◆ **PROVIDED RECORDS**
=======

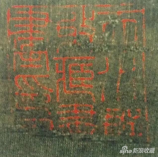 《溪岸图》共有十九枚收藏印,其中十二枚是二十世纪,张大千、张善孖、王己千所钤。余下七枚为古印,葫芦“悦生”(残)、“秋壑”长方印属南宋贾似道,不过和已知“秋壑”真印不同。一枚“天水郡收藏书画印记”、三枚柯九思私印、一枚洪武内府“典礼纪察司印”半印。其中“天水郡收藏书画印记”(下图)学术界普遍认为是南宋宗室赵与懃的收藏章,也有一种观点认为是赵孟頫。
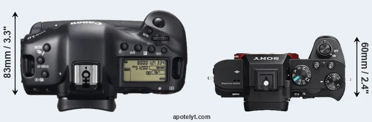 The side-by-side display below illustrates the physical size and weight of the Canon 1D X and the Sony A7R II. The two cameras are presented according to their relative size. Three successive views from the front, the top, and the rear are shown. All size dimensions are rounded to the nearest millimeter.
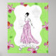 Un imprimé floral éclatant met en valeur une femme élégamment habillée en robe lilas.
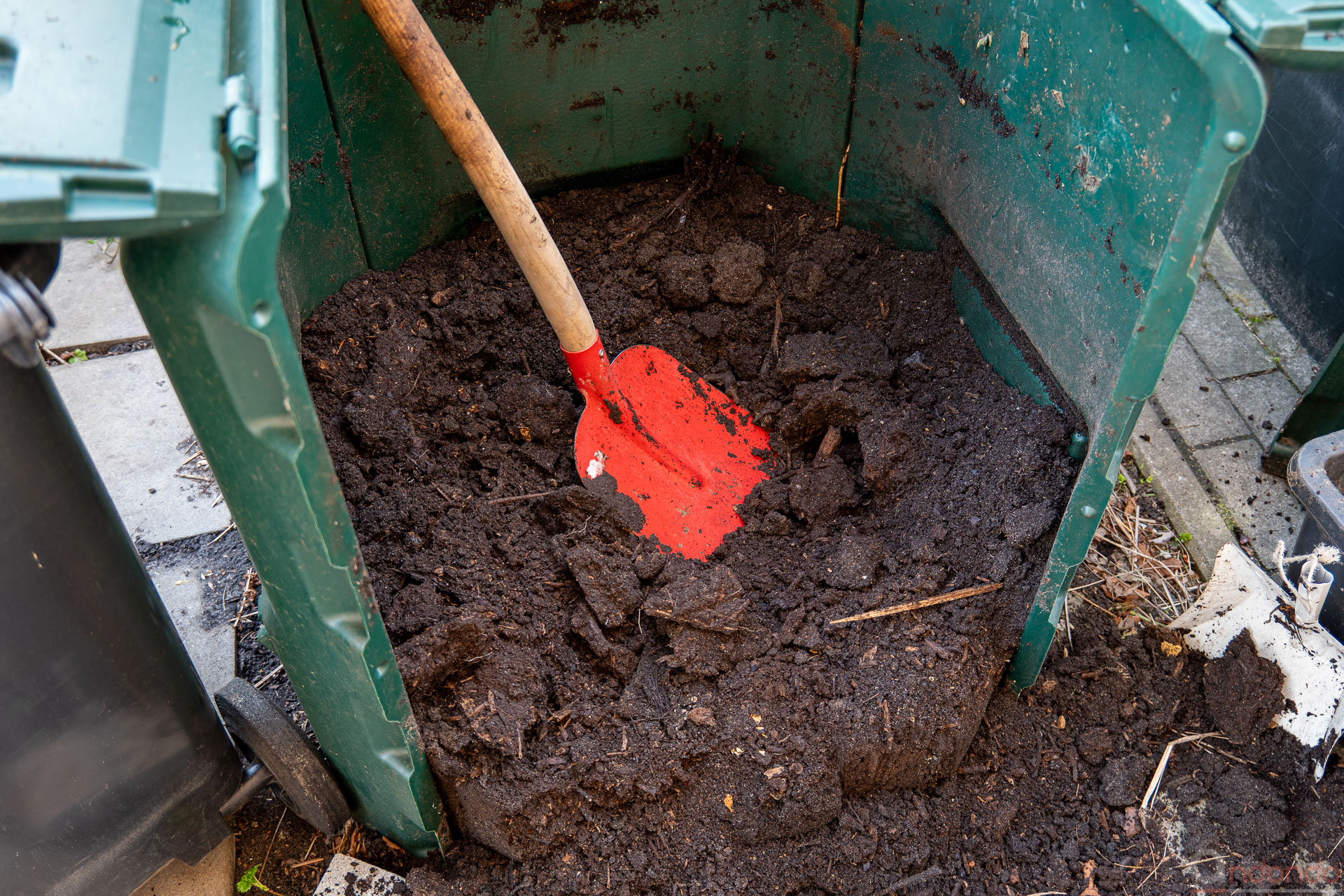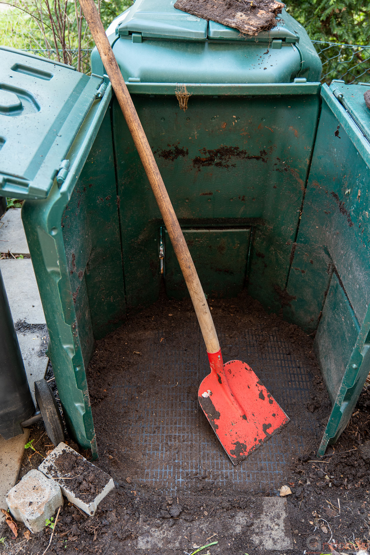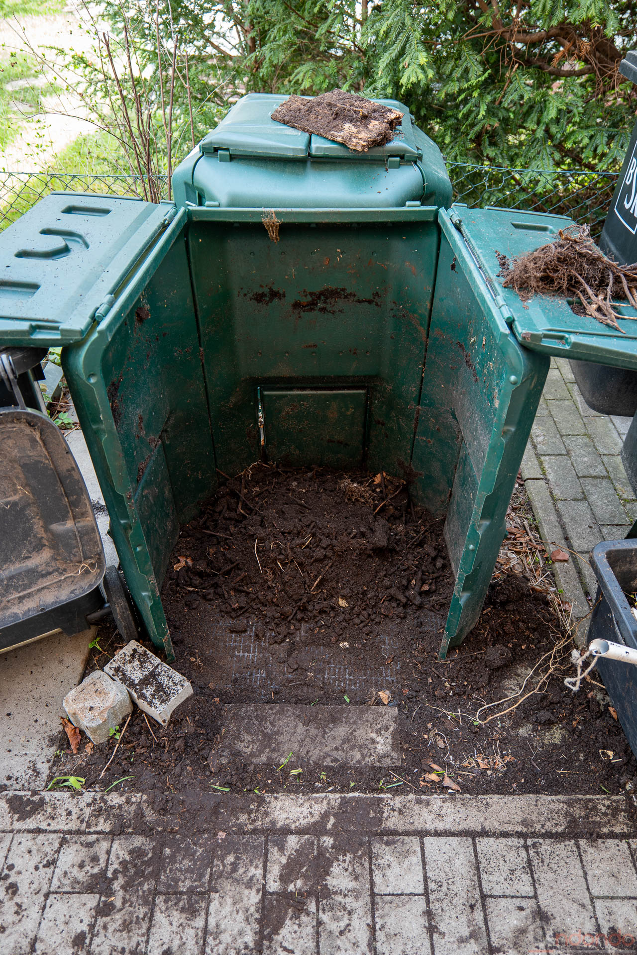 Ich habe mich heute endlich einmal mit einem der Komposter befasst. Für die Staudenbeete benötige ich neben den Hornspänen auch etwas biolgischen Dünger. Und was biete sich da mehr an als der Kompost, den ich nun schon mehrere Jahre in den beiden Kompostern heranreifen lasse. Und es wurde auch langsam Zeit, da die Komposter schon fast bis zum Rand gefüllt sind.
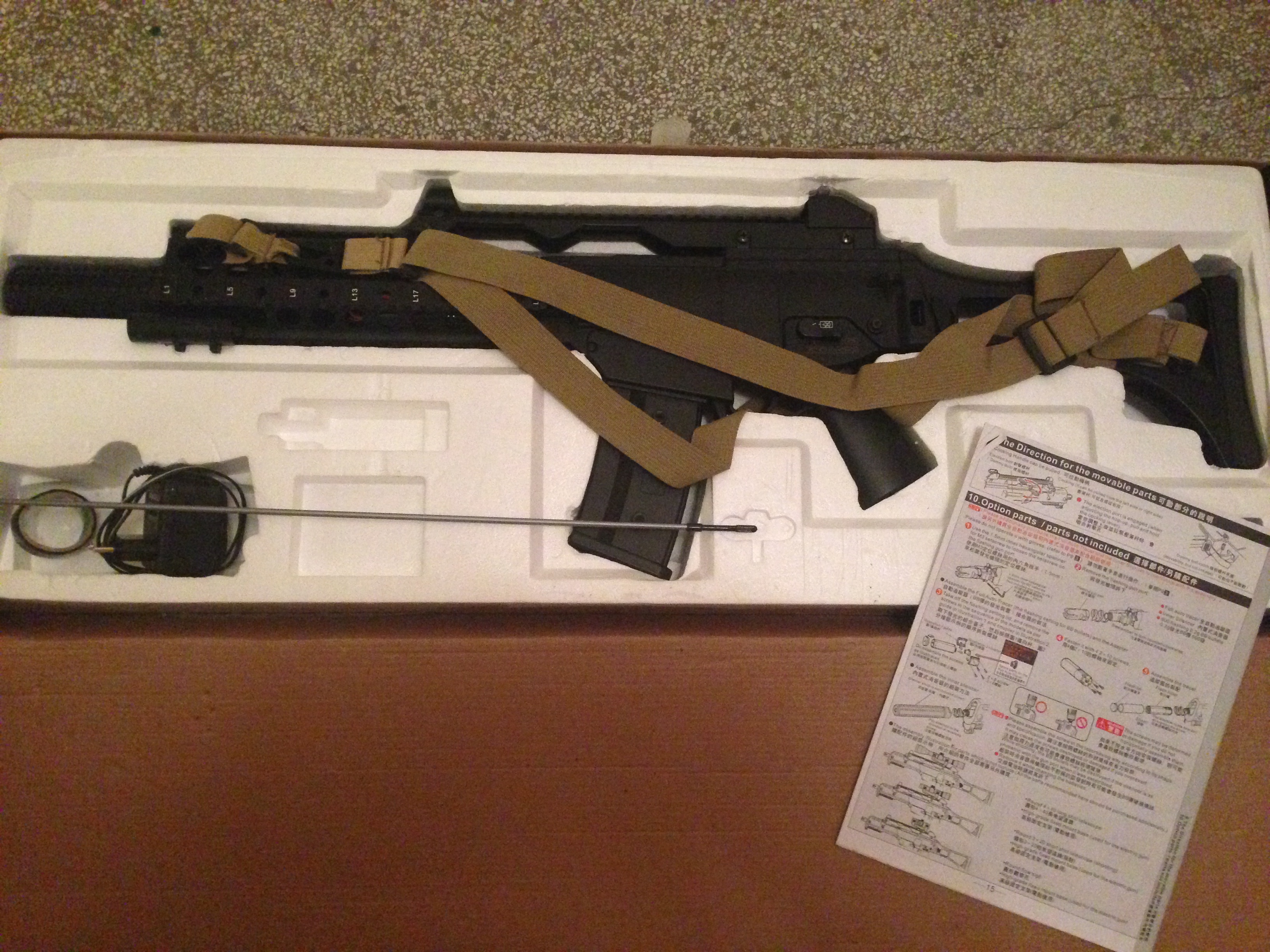 Airsoft карабината е малко използвана. подходяща за тренировки. Репликата е изработена от подсилен полимер (ABS). Цевта и RIS-а са направени от метал. Репликата има заглушител и лазерен прицел. Копчето за промяна на режима на стрелба е от двете страни, което прави оръжието удобно и за левичари. Гиърбоксът Ver.3 е направен по стандарт на Tokio Marui и може да се ъпгрейдва с части на по-голямата част от производители. Гиърите са подсилени. Начална скорост на BB с тегло 0.20г - 115 m/s. Репликата има регулируем хоп-ъп.

=======

◆ **PROBLEM DESCRIPTION**
The lines to be transcribed are those from the first line of the data above through the line holding "Ich habe mich", inclusive; copy them exactly and only, leaving out the pictures.

◆ **FINISHED TASK**
 《溪岸图》共有十九枚收藏印,其中十二枚是二十世纪,张大千、张善孖、王己千所钤。余下七枚为古印,葫芦“悦生”(残)、“秋壑”长方印属南宋贾似道,不过和已知“秋壑”真印不同。一枚“天水郡收藏书画印记”、三枚柯九思私印、一枚洪武内府“典礼纪察司印”半印。其中“天水郡收藏书画印记”(下图)学术界普遍认为是南宋宗室赵与懃的收藏章,也有一种观点认为是赵孟頫。
 The side-by-side display below illustrates the physical size and weight of the Canon 1D X and the Sony A7R II. The two cameras are presented according to their relative size. Three successive views from the front, the top, and the rear are shown. All size dimensions are rounded to the nearest millimeter.
 Un imprimé floral éclatant met en valeur une femme élégamment habillée en robe lilas.
 Ich habe mich heute endlich einmal mit einem der Komposter befasst. Für die Staudenbeete benötige ich neben den Hornspänen auch etwas biolgischen Dünger. Und was biete sich da mehr an als der Kompost, den ich nun schon mehrere Jahre in den beiden Kompostern heranreifen lasse. Und es wurde auch langsam Zeit, da die Komposter schon fast bis zum Rand gefüllt sind.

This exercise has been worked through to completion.